Source records
● ● ● ● ●

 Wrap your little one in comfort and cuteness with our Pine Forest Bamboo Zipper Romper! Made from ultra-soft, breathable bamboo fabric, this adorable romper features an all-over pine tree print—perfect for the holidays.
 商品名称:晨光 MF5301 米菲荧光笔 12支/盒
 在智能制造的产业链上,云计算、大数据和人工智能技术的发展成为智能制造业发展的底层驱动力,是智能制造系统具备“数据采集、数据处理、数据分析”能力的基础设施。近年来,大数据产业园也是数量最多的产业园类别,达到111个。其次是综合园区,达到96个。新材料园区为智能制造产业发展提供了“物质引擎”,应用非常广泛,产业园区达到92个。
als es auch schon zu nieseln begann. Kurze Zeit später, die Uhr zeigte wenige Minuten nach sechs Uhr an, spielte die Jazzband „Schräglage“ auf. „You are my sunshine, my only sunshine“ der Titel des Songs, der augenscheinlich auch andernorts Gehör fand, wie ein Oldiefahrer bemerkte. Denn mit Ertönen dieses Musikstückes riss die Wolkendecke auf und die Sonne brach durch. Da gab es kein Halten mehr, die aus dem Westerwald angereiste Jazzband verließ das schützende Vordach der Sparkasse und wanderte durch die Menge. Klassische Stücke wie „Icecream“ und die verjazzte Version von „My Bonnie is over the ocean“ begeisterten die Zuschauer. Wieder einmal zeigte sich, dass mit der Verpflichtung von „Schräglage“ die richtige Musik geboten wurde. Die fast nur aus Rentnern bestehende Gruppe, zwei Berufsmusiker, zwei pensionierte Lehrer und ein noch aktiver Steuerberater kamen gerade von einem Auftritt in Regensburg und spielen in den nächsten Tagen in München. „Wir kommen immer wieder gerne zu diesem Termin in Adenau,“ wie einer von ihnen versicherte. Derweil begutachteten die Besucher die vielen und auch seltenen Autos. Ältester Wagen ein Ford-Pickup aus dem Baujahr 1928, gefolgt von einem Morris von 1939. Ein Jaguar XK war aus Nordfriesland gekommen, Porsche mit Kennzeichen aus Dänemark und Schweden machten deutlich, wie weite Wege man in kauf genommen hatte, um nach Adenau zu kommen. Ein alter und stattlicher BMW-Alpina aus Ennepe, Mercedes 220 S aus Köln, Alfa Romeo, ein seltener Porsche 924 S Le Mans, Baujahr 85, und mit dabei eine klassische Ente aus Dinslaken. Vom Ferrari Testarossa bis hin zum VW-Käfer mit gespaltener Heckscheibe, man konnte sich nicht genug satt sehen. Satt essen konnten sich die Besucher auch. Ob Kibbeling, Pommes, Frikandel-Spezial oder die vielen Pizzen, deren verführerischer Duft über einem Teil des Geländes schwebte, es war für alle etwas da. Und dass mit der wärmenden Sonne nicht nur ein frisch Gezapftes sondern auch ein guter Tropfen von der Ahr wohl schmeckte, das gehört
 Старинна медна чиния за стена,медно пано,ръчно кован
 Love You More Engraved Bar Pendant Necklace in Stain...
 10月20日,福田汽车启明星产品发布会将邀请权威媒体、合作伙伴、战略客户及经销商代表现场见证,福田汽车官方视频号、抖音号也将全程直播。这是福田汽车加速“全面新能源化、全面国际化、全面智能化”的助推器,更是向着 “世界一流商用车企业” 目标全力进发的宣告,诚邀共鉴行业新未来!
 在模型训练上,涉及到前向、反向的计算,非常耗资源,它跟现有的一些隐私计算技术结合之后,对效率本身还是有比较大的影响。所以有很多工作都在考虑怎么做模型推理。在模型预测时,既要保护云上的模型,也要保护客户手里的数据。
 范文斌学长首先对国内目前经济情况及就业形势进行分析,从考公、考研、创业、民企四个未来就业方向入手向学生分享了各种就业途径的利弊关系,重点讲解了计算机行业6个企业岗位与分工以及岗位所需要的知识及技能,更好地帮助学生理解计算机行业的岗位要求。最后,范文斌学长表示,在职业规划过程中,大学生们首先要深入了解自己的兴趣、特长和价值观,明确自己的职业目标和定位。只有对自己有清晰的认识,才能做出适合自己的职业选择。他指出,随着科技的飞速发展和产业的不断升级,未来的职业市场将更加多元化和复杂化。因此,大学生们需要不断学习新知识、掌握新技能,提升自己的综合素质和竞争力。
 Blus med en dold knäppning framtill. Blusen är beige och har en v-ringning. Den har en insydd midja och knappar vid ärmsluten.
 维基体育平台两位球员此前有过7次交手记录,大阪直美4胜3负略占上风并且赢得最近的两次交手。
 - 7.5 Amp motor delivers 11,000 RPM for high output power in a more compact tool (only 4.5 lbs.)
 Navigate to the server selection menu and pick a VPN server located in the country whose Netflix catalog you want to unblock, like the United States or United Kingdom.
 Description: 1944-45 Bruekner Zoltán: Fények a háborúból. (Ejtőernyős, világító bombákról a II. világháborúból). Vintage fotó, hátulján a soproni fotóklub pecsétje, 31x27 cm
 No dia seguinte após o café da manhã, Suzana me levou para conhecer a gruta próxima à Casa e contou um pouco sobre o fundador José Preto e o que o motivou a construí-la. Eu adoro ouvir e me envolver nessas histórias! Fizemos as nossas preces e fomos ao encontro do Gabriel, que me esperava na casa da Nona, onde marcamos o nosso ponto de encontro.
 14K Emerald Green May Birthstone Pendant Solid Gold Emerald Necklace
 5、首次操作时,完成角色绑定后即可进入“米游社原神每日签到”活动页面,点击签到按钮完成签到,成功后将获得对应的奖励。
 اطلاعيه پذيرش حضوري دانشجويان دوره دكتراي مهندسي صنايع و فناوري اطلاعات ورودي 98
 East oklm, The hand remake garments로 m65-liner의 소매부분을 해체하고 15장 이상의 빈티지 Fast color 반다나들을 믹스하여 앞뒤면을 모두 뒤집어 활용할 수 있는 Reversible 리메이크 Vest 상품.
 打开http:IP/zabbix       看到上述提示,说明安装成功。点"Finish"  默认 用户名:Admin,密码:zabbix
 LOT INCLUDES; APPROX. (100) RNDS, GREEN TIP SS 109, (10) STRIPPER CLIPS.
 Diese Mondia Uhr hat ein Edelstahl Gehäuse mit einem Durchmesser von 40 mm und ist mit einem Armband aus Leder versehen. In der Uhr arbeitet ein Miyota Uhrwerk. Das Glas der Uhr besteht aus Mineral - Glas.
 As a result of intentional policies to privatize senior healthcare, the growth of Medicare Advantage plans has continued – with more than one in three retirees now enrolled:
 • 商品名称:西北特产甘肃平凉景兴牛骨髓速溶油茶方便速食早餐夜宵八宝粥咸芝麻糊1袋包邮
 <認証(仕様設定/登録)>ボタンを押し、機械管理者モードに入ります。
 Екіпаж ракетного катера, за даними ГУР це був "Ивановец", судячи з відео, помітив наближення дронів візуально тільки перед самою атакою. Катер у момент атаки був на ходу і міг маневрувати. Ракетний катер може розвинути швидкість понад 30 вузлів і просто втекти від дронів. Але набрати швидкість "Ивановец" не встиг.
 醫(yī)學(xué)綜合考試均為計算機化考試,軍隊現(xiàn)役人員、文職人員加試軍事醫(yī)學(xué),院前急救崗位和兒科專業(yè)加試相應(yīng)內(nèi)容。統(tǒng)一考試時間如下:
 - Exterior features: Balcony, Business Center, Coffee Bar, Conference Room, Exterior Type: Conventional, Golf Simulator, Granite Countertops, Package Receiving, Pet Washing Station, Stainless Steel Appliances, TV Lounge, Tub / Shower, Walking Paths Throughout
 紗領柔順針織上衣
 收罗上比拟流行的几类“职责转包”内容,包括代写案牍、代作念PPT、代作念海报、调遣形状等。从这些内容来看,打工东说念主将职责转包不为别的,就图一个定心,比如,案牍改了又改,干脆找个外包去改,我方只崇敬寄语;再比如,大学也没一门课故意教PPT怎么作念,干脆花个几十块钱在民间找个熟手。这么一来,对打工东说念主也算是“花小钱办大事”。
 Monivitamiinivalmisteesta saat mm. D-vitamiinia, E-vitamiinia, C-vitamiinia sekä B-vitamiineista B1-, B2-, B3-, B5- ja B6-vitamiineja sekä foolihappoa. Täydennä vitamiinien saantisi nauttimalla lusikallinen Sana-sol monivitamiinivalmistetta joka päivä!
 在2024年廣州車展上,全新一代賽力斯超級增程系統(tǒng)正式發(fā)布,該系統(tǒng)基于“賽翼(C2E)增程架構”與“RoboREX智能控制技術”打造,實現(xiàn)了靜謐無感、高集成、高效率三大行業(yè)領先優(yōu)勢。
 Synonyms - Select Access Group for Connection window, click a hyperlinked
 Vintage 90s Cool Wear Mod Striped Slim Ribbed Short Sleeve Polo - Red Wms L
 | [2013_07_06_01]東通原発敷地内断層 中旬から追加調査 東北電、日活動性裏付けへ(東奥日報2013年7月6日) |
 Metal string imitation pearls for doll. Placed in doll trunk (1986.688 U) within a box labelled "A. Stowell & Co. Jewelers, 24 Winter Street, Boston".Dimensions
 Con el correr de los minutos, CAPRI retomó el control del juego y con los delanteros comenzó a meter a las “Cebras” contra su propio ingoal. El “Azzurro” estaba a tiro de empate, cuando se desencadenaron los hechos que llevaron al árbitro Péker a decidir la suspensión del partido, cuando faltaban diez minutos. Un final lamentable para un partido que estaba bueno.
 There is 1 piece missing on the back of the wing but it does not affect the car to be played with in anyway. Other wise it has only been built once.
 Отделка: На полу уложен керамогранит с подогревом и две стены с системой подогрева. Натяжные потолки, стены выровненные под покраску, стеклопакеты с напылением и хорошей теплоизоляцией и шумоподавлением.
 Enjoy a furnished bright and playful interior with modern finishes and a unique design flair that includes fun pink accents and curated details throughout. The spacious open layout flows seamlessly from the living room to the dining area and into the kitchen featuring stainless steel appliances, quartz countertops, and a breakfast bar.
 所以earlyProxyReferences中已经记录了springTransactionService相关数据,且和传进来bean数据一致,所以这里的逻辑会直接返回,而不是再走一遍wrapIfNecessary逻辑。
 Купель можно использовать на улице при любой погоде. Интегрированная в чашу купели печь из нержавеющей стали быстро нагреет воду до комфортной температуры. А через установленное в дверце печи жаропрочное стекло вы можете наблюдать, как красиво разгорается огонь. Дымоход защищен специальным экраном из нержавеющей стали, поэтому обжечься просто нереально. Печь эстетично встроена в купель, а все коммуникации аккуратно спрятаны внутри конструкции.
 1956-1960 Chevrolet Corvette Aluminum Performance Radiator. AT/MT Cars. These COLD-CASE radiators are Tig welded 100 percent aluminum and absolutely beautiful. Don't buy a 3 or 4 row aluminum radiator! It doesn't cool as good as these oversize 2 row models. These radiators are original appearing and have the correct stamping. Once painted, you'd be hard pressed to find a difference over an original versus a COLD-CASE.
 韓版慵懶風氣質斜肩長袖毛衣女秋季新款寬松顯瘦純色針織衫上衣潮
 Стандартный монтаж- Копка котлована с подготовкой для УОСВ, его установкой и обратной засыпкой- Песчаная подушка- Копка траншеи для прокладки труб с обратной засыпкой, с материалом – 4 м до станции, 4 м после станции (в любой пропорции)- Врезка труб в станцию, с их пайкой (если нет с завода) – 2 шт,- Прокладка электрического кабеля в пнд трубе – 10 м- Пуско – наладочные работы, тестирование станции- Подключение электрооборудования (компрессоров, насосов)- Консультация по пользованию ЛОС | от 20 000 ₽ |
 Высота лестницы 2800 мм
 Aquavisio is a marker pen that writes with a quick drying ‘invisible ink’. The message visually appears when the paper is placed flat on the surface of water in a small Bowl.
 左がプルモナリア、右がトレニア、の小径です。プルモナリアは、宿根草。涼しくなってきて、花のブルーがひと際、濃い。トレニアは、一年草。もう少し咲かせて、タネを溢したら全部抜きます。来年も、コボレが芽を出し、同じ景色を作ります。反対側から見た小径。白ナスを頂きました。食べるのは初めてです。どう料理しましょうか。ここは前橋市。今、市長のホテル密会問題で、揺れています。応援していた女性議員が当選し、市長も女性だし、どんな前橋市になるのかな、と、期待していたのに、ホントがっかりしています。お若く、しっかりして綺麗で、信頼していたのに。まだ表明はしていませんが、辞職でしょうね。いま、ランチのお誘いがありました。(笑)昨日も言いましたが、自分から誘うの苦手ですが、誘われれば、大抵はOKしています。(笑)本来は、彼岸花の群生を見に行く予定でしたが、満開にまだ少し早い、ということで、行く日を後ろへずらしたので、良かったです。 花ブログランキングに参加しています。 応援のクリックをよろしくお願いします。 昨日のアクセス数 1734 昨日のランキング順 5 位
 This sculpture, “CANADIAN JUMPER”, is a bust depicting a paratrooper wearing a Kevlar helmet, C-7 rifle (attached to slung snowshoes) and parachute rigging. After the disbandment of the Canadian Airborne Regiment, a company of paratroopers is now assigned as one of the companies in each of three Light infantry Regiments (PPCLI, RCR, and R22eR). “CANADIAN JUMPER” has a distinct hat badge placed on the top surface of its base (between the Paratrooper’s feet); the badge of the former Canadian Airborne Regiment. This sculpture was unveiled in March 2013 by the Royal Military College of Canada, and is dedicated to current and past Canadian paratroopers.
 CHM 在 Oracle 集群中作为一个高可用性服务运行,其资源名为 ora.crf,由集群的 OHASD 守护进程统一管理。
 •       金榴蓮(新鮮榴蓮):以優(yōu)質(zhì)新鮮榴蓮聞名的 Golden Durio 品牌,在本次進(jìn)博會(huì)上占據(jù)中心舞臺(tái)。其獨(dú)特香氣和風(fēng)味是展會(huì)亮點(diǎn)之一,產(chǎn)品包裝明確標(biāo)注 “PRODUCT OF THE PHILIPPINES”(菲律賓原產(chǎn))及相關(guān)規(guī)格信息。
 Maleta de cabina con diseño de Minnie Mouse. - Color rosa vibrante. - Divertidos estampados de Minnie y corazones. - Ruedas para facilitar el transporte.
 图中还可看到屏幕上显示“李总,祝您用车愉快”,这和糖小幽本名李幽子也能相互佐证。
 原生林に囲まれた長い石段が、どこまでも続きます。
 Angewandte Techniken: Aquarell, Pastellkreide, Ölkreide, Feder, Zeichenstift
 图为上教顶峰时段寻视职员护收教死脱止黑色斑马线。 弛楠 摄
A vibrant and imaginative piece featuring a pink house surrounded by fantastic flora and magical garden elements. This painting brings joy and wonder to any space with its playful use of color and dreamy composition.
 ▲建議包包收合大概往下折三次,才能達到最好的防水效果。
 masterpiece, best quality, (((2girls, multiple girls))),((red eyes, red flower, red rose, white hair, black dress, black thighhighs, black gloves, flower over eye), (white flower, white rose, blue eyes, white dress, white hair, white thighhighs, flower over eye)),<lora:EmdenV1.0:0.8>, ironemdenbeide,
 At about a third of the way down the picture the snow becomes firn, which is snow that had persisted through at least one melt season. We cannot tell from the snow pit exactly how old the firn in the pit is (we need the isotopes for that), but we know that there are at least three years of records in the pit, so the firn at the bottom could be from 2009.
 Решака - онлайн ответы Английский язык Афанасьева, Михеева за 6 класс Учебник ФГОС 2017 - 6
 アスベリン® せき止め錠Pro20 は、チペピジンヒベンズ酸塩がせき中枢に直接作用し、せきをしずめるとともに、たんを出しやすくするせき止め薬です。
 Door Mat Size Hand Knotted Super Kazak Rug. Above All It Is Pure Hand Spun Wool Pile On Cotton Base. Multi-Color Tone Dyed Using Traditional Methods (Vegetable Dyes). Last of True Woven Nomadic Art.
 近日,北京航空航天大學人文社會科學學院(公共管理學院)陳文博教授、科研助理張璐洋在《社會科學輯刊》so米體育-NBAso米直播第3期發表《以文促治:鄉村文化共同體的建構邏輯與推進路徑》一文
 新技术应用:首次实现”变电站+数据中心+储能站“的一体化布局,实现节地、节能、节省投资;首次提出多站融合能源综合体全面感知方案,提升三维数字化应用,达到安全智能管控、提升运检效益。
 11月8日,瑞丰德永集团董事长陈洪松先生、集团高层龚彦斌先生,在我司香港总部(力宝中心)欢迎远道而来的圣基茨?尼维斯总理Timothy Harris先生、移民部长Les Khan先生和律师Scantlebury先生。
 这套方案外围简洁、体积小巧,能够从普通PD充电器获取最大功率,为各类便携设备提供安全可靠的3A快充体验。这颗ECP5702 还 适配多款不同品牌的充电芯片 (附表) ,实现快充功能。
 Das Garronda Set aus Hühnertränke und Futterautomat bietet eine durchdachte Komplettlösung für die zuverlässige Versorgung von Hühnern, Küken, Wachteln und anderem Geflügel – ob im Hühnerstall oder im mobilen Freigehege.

● ● ● ● ●

What is required
Reproduce, word for word and in full, only the lines above that start at the line with "Love You More" and run through the line with "اطلاعيه پذيرش حضوري", both ends included.

Answer box
 Love You More Engraved Bar Pendant Necklace in Stain...
 10月20日,福田汽车启明星产品发布会将邀请权威媒体、合作伙伴、战略客户及经销商代表现场见证,福田汽车官方视频号、抖音号也将全程直播。这是福田汽车加速“全面新能源化、全面国际化、全面智能化”的助推器,更是向着 “世界一流商用车企业” 目标全力进发的宣告,诚邀共鉴行业新未来!
 在模型训练上,涉及到前向、反向的计算,非常耗资源,它跟现有的一些隐私计算技术结合之后,对效率本身还是有比较大的影响。所以有很多工作都在考虑怎么做模型推理。在模型预测时,既要保护云上的模型,也要保护客户手里的数据。
 范文斌学长首先对国内目前经济情况及就业形势进行分析,从考公、考研、创业、民企四个未来就业方向入手向学生分享了各种就业途径的利弊关系,重点讲解了计算机行业6个企业岗位与分工以及岗位所需要的知识及技能,更好地帮助学生理解计算机行业的岗位要求。最后,范文斌学长表示,在职业规划过程中,大学生们首先要深入了解自己的兴趣、特长和价值观,明确自己的职业目标和定位。只有对自己有清晰的认识,才能做出适合自己的职业选择。他指出,随着科技的飞速发展和产业的不断升级,未来的职业市场将更加多元化和复杂化。因此,大学生们需要不断学习新知识、掌握新技能,提升自己的综合素质和竞争力。
 Blus med en dold knäppning framtill. Blusen är beige och har en v-ringning. Den har en insydd midja och knappar vid ärmsluten.
 维基体育平台两位球员此前有过7次交手记录,大阪直美4胜3负略占上风并且赢得最近的两次交手。
 - 7.5 Amp motor delivers 11,000 RPM for high output power in a more compact tool (only 4.5 lbs.)
 Navigate to the server selection menu and pick a VPN server located in the country whose Netflix catalog you want to unblock, like the United States or United Kingdom.
 Description: 1944-45 Bruekner Zoltán: Fények a háborúból. (Ejtőernyős, világító bombákról a II. világháborúból). Vintage fotó, hátulján a soproni fotóklub pecsétje, 31x27 cm
 No dia seguinte após o café da manhã, Suzana me levou para conhecer a gruta próxima à Casa e contou um pouco sobre o fundador José Preto e o que o motivou a construí-la. Eu adoro ouvir e me envolver nessas histórias! Fizemos as nossas preces e fomos ao encontro do Gabriel, que me esperava na casa da Nona, onde marcamos o nosso ponto de encontro.
 14K Emerald Green May Birthstone Pendant Solid Gold Emerald Necklace
 5、首次操作时,完成角色绑定后即可进入“米游社原神每日签到”活动页面,点击签到按钮完成签到,成功后将获得对应的奖励。
 اطلاعيه پذيرش حضوري دانشجويان دوره دكتراي مهندسي صنايع و فناوري اطلاعات ورودي 98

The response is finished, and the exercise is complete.